Can Credit Card Companies Sue and Still Settle the Credit Card Debt?

However, even if you are served with papers, you should know that you can still negotiate a debt settlement with your credit card company's attorneys prior to actually going to court. Even if the matter does eventually go to court there could still be hope. You may still be able to negotiate a debt settlement after judgment. Sometimes this can even work to your advantage.

Can Credit Card Companies Sue after Enactment of the Credit Card Act of 2009?

The Credit Card Accountability Responsibility and Disclosure Act of 2009 (the Credit Card Act) was signed into law by President Obama on May 22, 2009. The law was designed to put an end to many of the unfair credit card practices committed by credit card companies.

Here's just a few of your credit rights under the Credit Card Act that you should know about...

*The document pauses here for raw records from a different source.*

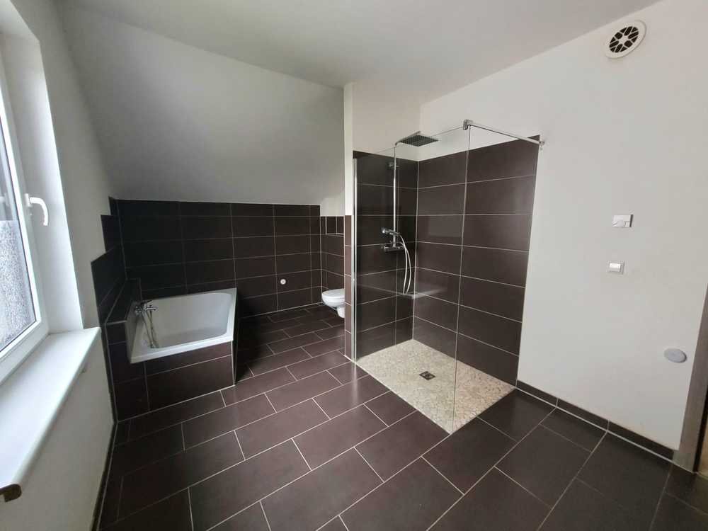 Im Obergeschoss befinden sich drei gut geschnittene Schlafzimmer sowie ein modernes Badezimmer mit Badewanne und Dusche. Besonders hervorzuheben sind die hohen Decken, die offene Galerie im Eingangsbereich und das Elternschlafzimmer mit begehbarem Kleiderschrank, die dem Haus eine großzügige, hochwertige Wohnatmosphäre verleihen.
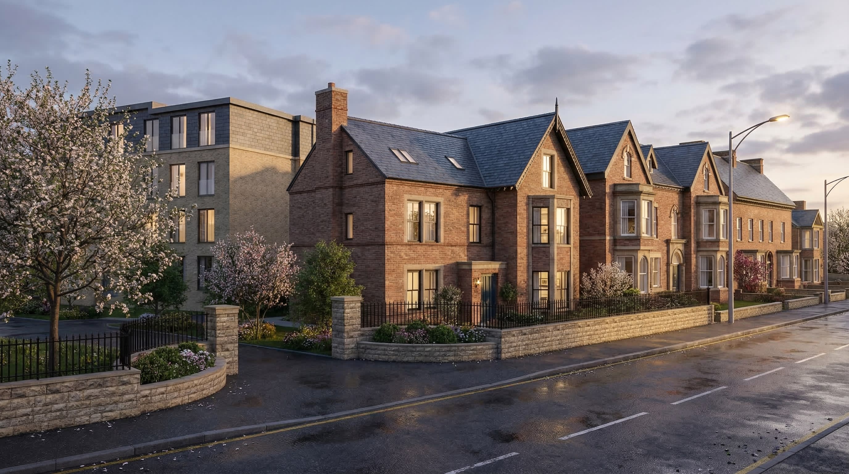 Our client has owned this site since 2019. In that time, they've secured planning permissions for the conversion of Wilderslowe House — a Grade II listed Georgian villa — into fourteen apartments, and the adjacent Osmaston Villas into twenty more. The Osmaston Villas conversion is now approaching completion.
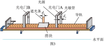 ②如图3,光电门中光源与光敏管相对,光源发出的光使光敏管感光。当滑块经过时,遮光条把光遮住,计时器记录遮光时间,可计算出滑块的速度。实验中使用的遮光条宽度
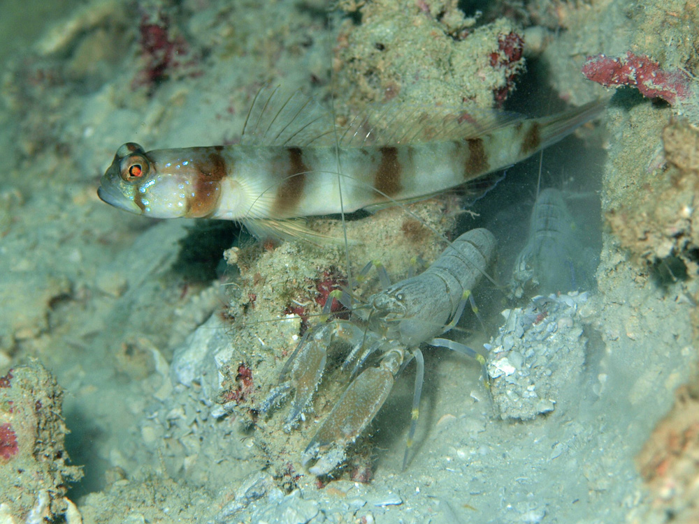 エビが2連で砂を外に運んでいます。働き者ですね。しかも用心深さもちゃんと持ち合わせていて、どちらも触角の1本をハゼに接触させて危険信号を受け取るようにしています。防災対策万全なり。
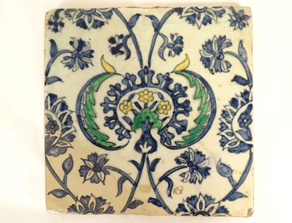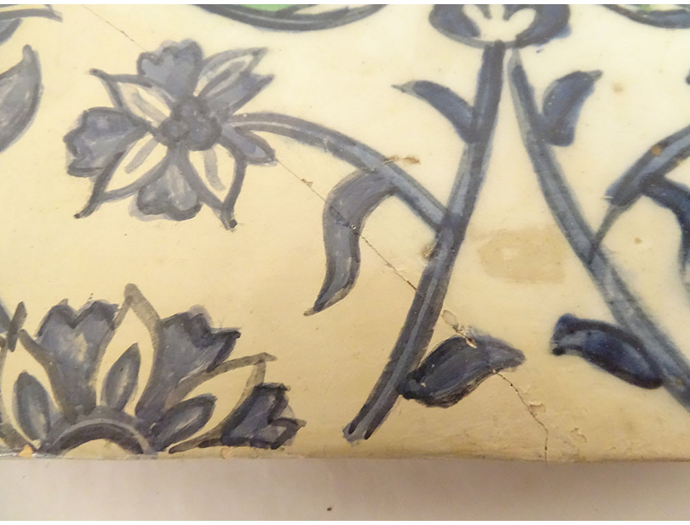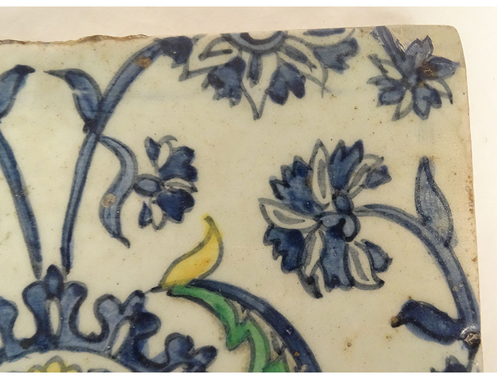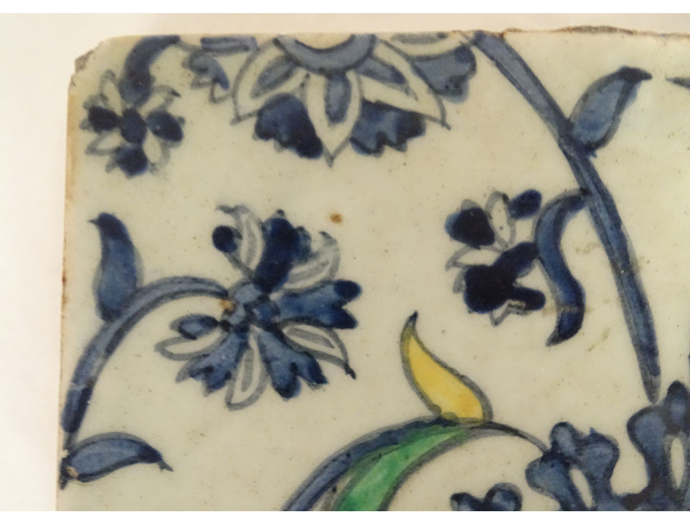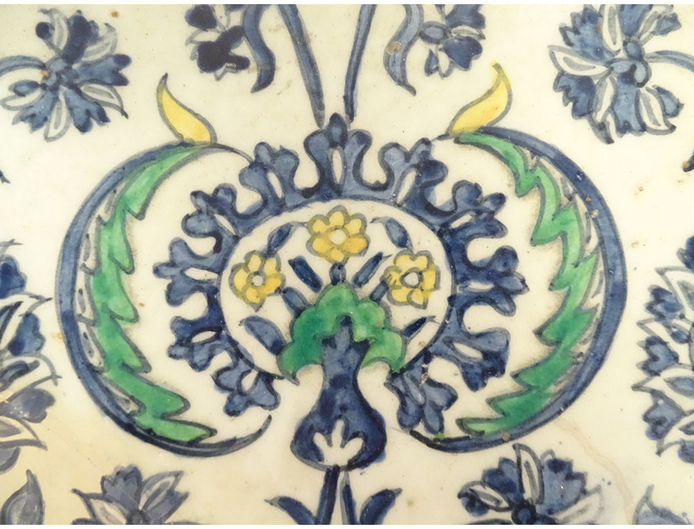 Ottoman ceramic bowl or cup from Kütahya, with rich decoration of stylized foliage, flowers and plant motif, in the background perhaps the representation of a mosque, provenance private collection (perhaps from the Muslim Art antique shop of Joseph Soustiel*), provenance Ottoman Turkey, 18th century period.
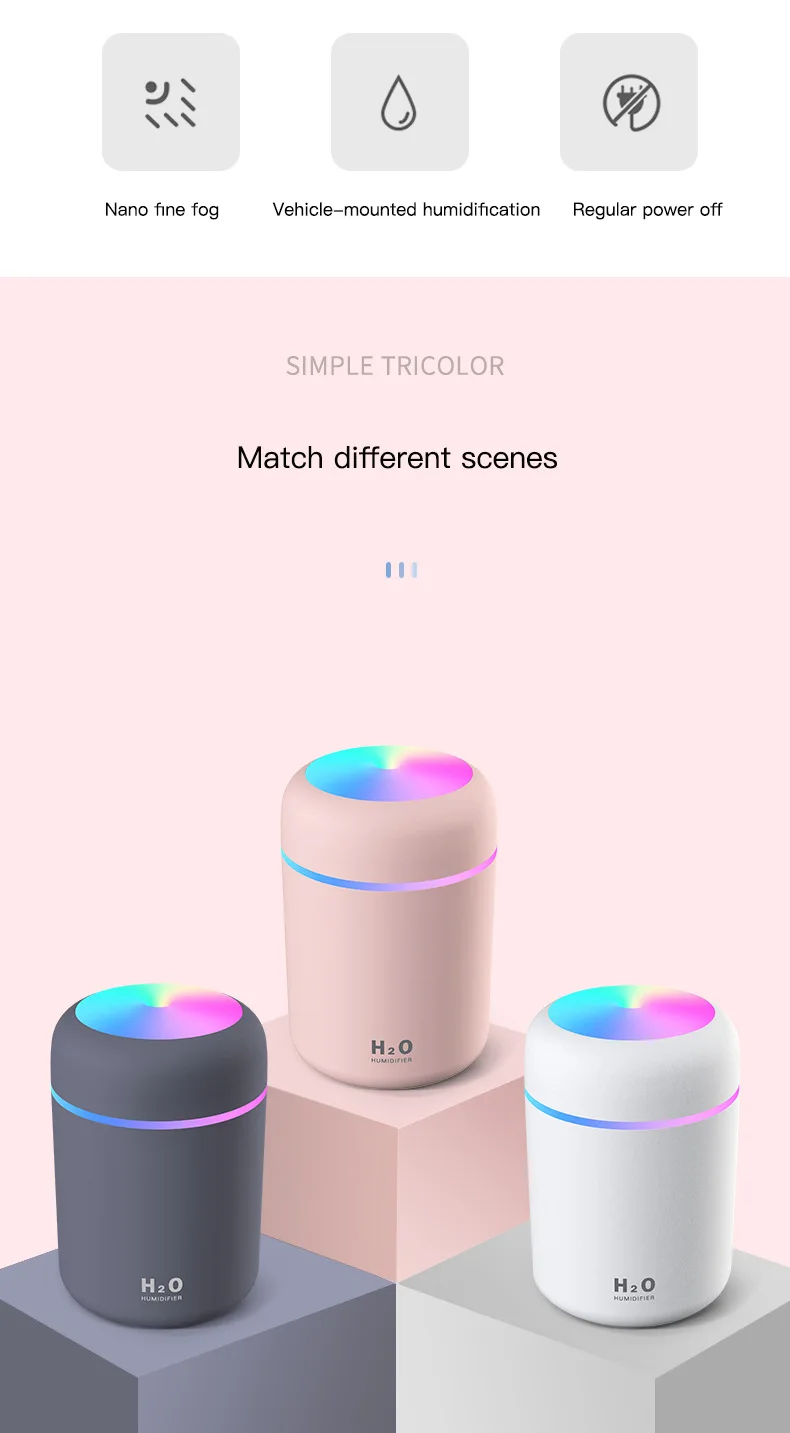 Многофункциональность: Идеально подходит для использования в автомобиле, офисе, гостиной и т. д., сохраняет сухую кожу влагой и возвращает вам свежий воздух.
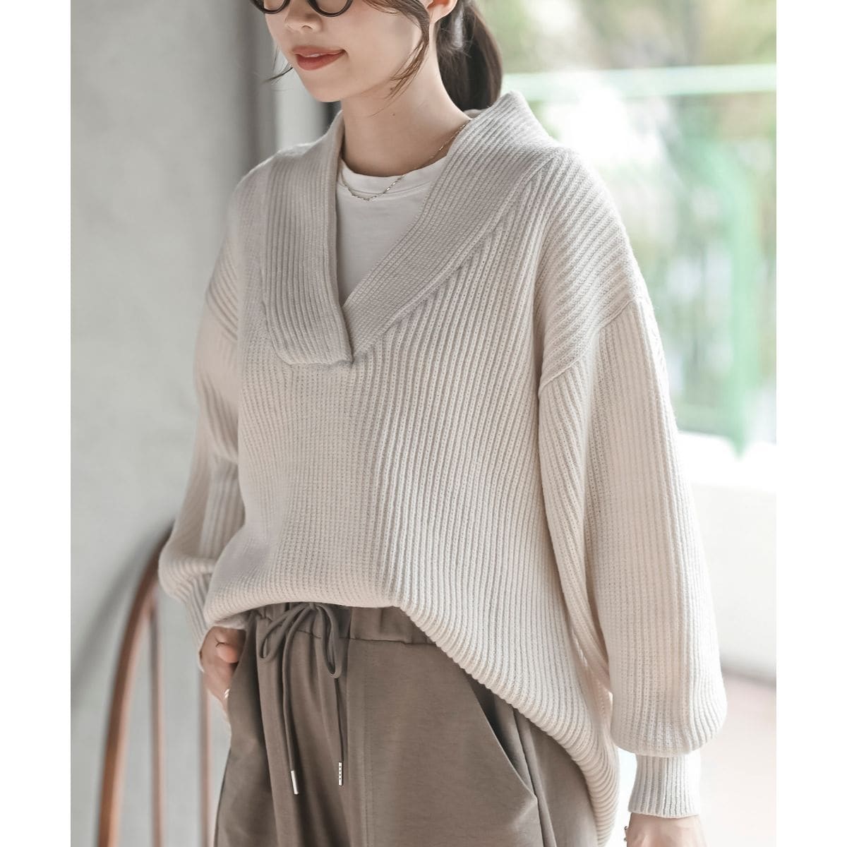 23区 オンワード樫山 ショールカラープルオーバーニット リブ編み М
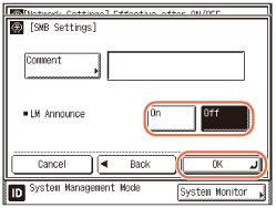 If you want the machine to notify the LAN Manager of its existence on the network, press [On] for <LM Announce>. Otherwise, press [Off].
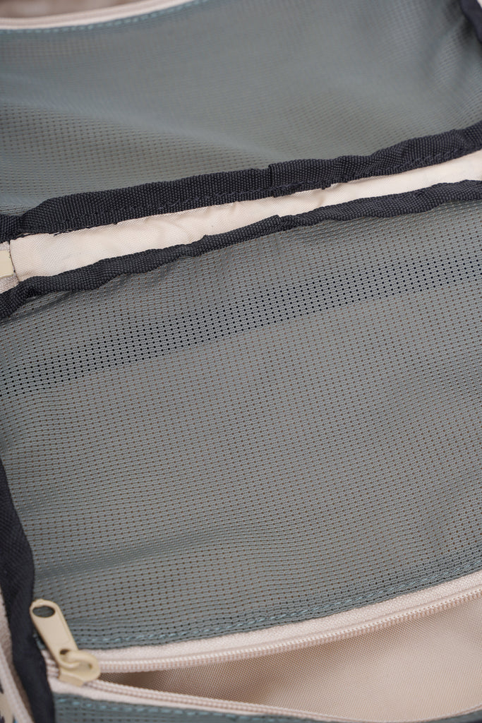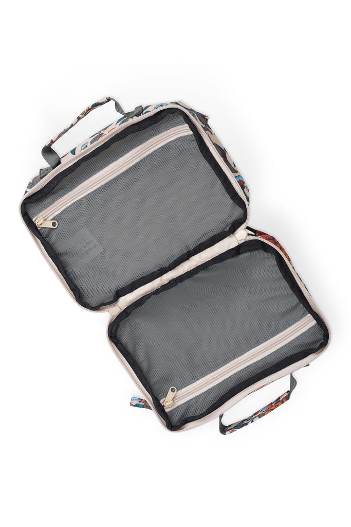 - Main compartment fully opens flat to a two zip mesh compartment design
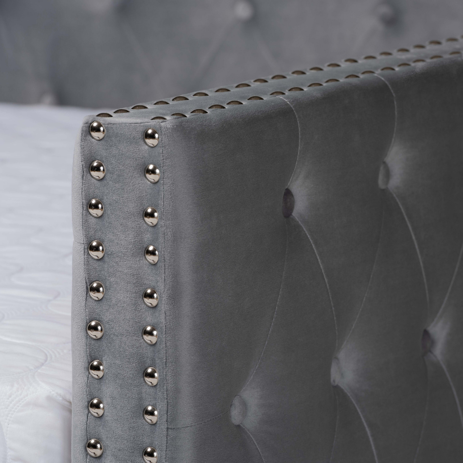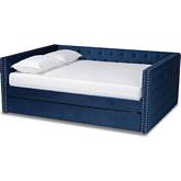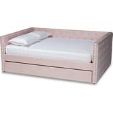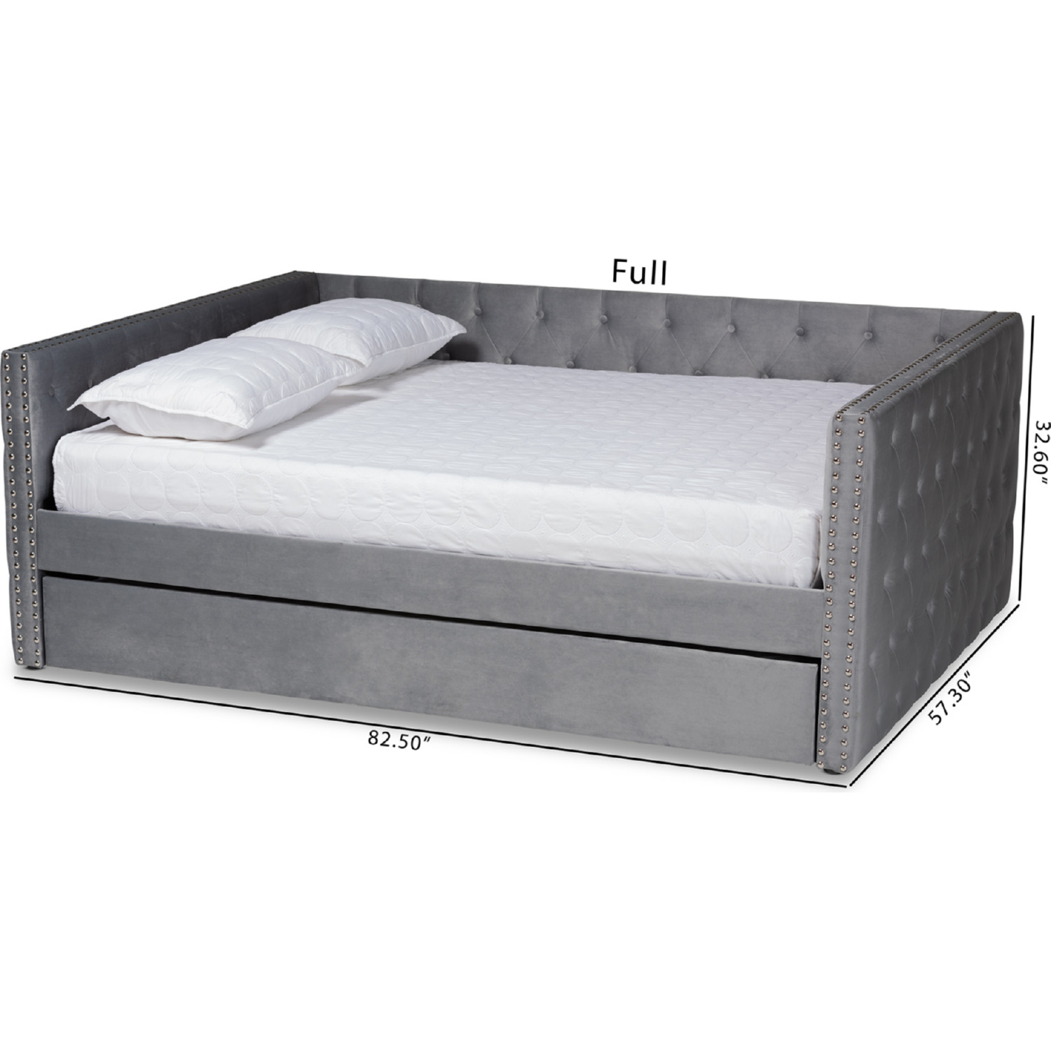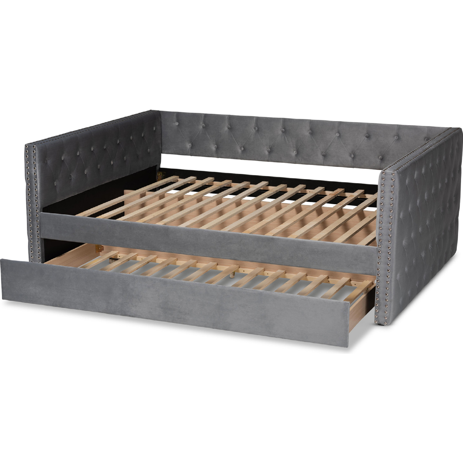 Baxton Studio Larkin Queen Daybed with Trundle in Tufted Gray Velvet
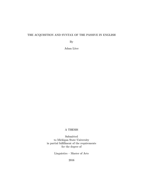 Children have been found to acquire passives of “actional” verbs prior to passives of “nonactional” verbs. This has come to be known as the Maratsos Effect (ME) and has been widely replicated (Sudhalter & Braine 1985, Gordon & Chafetz 1990, Fox & Grodzinsky 1998, Hirsch & Wexler 2006).I present two experiments that further investigate the ME. Researchers have not always been careful about using linguistic diagnostics for categorizing a verb as “actional” or “nonactional”. In the experiments reported here, verbs are split into three categories based on linguistic diagnostics for eventivity and agentivity. In Exp. 1, eventive agentive verbs (paint, fix, and wash) are tested against eventive nonagentive verbs (forget, find, and spot). In Exp. 2, the same eventive nonagentive verbs are tested against noneventive nonagentive verbs (hate, know, and love). I find evidence for a three-way distinction in the English- acquiring child’s acquisition path, rather than the two-day distinction which has classically been reported as the ME. Children learn the passives of eventive agentive verbs before the passives of eventive nonagentive verbs, which are in turn learned before the passives of noneventive nonagentive verbs.I then explore possible accounts of this three-way distinction. I explore the intuition that children initially posit a structure for the eventive nonagentive verbs and the noneventive nonagentive verbs where both arguments of the eventive nonagentive and noneventive nonagentive verbs are projected internally to the VP. If one adopts Collins’ (2005) analysis of the passive, then an account of the acquisition facts emerges on the basis of this intuition. However, this intuition cannot account for the facts if one adopts either Bruening’s (2013) analysis of the passive or Legate’s (2014) analysis of the passive.

  • Credit card companies cannot charge you an over-limit fee unless you consent to allowing over-limit transactions prior to the fees being charged. If you agree to accept over-limit transactions, only one over-limit fee per billing cycle is permitted.
  • Card companies may not charge additional fees for accepting payments by mail, phone or online - however, they can charge a fee to expedite a payment.
  • If your due date falls on a weekend or holiday when payments are not accepted, your credit card company cannot charge you a late fee if your payment arrives the next business day. In addition, payments made at a local office or branch must be credited the same day.
  • "Fee harvester" or sub-prime credit card non-penalty fees cannot exceed more than 25% of the credit limit when you open the account.
  • Your credit card company cannot charge a fee of more than $25 unless you were late with a payment in the last six months (in which case you may be charged up to $35); or the credit card company proves that the costs incurred as a result of your late payments justify a higher fee.
  • Credit card companies cannot charge you a late fee greater than your minimum payment. As of August 22, 2010 credit card companies cannot charge you an inactivity fee for not using your card, including fees for not charging a certain amount each month.
  • Also, as of August 22, 2010 your credit card statements must include a minimum payment disclosure that explains how long it will take you to pay off your existing balance as well as the total cost in interest if you only pay the minimum amount due each month.
  • Additionally, your statement must include the monthly payment required, and interest cost, to pay off the existing balance in 3 years. Your credit card company must provide easy online access to the cardholder agreement for your account.
  • Finally, all credit card companies are required to submit card holder agreements to the Federal Reserve, which will act as the central repository. You can locate a copy of your credit card agreement using the Federal Reserve Consumer Credit Card Agreement Search tool.
  • So if your credit card company has violated any of your credit rights under the Credit Card Act of 2009 you may be able to better defend yourself in court should your credit card company sue you.